Ok. You guys. Just. I mean. We live in a SOCIETY, right? With LOGIC and REASON, yes?

No doctor in North America is likely to let you go past 42 weeks pregnant. You will almost CERTAINLY be induced by 41w5d if you are receiving standard pre-natal care in North America. That is just is how THEY DO.

So NO KIDDING you’re 100% likely to have your baby by 42 weeks. THEY WON’T LET YOU NOT. This is not proper application of statistics, in fact, this is why people HATE statistics, because when you abuse LOGIC AND REASON like this, you end up with MEANINGLESS CONCLUSIONS. You can’t just mess with numbers like that and SAY stuff. God. Telling someone they will have their baby by 42 weeks is a completely and utterly meaningless data point, and does nothing to help someone understand, in an informed fashion, when her baby will actually arrive. So, in conclusion, shut up.

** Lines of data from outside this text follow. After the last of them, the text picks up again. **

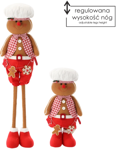 A bájos karácsonyi dísz, egy teleszkópos lábakkal ellátott mézeskalács fiú, karácsonyi varázst visz otthonába. A állítható magasságnak köszönhetően könnyen a különböző terekhez igazítható, míg a stabil szerkezet és a minőségi anyagok hosszan tartó élettartamot és szép megjelenést biztosítanak a fa mellett, a kandallón vagy az ünnepi asztalon.
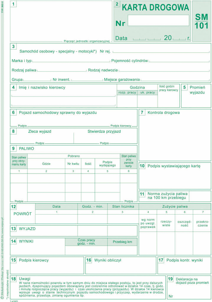 802-3N Karta drogowa sm/101 numerowana (samochód osobowy) 802-3N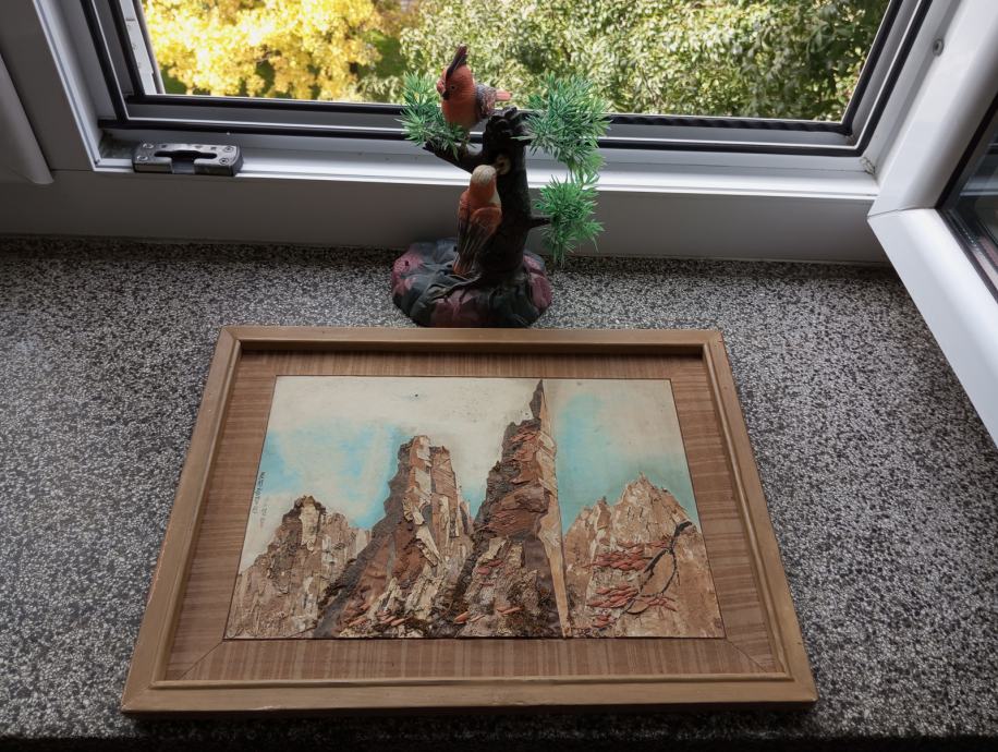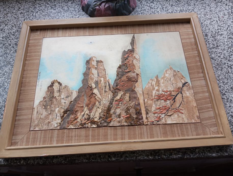 Slika planinski vrhovi, rućni rad, starost cca 60 godina, vidi slike!

This post has been brought to you by week 38.

Mike and I were talking about back when we first met, and how that was kind of the beginning of our mutual triathlon careers (he’d been in it for awhile, but was training for his first Ironman when we started dating; I had heart surgery around the same time and picked up swimming and cycling as recovery stuff and well, if you run, swim, and bike, and date a triathlete, well…)

Anyway, in the middle of this reminiscing  (“God, we were in great shape back in the day”) (“Also, 7 years younger”), I commented (whined) something related to the concept of being pregnant forever, and how I know that’s not technically possible, but it just feels like every day now- literally, every single DAY – is harder than the last, and things are deteriorating quicker than they have been. I have been completely spared most pregnancy indignities, but within the last week they’re all rushing at me – swollen feet, hands. Inability to sleep. I’m in full on waddle mode, and while I’d been doing extremely well dressing professionally at work, I’m now in the “look, at least I’m wearing clothes, OK?” zone. (Come at me bro. Seriously.)

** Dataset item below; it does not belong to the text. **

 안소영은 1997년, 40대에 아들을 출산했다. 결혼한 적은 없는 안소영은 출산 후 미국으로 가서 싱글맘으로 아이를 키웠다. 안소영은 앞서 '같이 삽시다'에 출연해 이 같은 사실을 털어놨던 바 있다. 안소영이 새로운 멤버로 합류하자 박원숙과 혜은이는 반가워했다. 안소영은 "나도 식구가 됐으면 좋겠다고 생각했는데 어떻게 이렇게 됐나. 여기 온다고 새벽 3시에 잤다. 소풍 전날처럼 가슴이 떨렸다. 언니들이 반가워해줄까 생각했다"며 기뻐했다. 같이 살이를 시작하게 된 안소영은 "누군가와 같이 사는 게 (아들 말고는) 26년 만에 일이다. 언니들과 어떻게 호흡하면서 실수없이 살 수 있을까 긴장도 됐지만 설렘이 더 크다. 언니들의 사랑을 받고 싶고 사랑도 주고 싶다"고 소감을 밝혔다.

Mike mentioned it must feel like mile 22 of an Ironman race – you are really, really so close to done, except that last four miles seems almost insurmountable. And: YES. I’m so close to done, you guys. So close. But I cannot imagine actually making it one more day, let alone like TEN more days.

Pregnancy as an Ironman is actually a metaphor that works quite well:

The Swim Start: Right before the swim start is amazing. You’re there on the beach, with 2500 other fools, jittery with excitement, with all the possibilities of a good day in front of you. You can’t do too much to control how the day goes down, but you’ve done the prep, and you’re about to get your chance to try.  Getting to the swim start may have felt like it took forever, but you’re there now, and it’s your turn, and you can’t wait.

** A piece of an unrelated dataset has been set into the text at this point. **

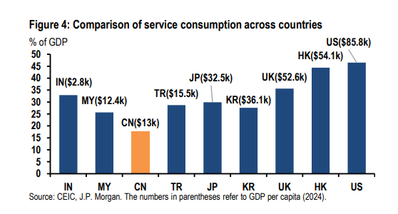摩根大通认为:中国消费的核心短板,不在商品,而在服务业。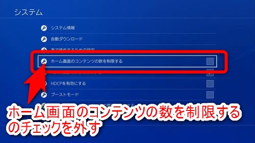 これで、PS4のホーム画面のコンテンツエリアで表示されるゲーム(コンテンツ)の数の上限が無くなります。

The Swim (2.4 miles/ 12 weeks):  The start is rough. The 2500 people who were your closest friends 30 seconds before the start are now your mortal enemies as you all jockey for position in the water. You hope you don’t take an elbow or a foot to the nose or head, you hope you aren’t one of those people that randomly comes down with water induced vertigo, effectively ending your race before it even starts. You have moments – many of them, probably – where you’re swimming along and everything feels awesome because swimming is awesome, and you start thinking “hell yeah, this is happening. I am doing a fucking Ironman, y’all”. And then you get to a turnaround and you crash into 2500 other people and the water swirls and things feel out of control and you feel terrible and you hate everything, but no worries: eventually you find clear water and starts to feel manageable again.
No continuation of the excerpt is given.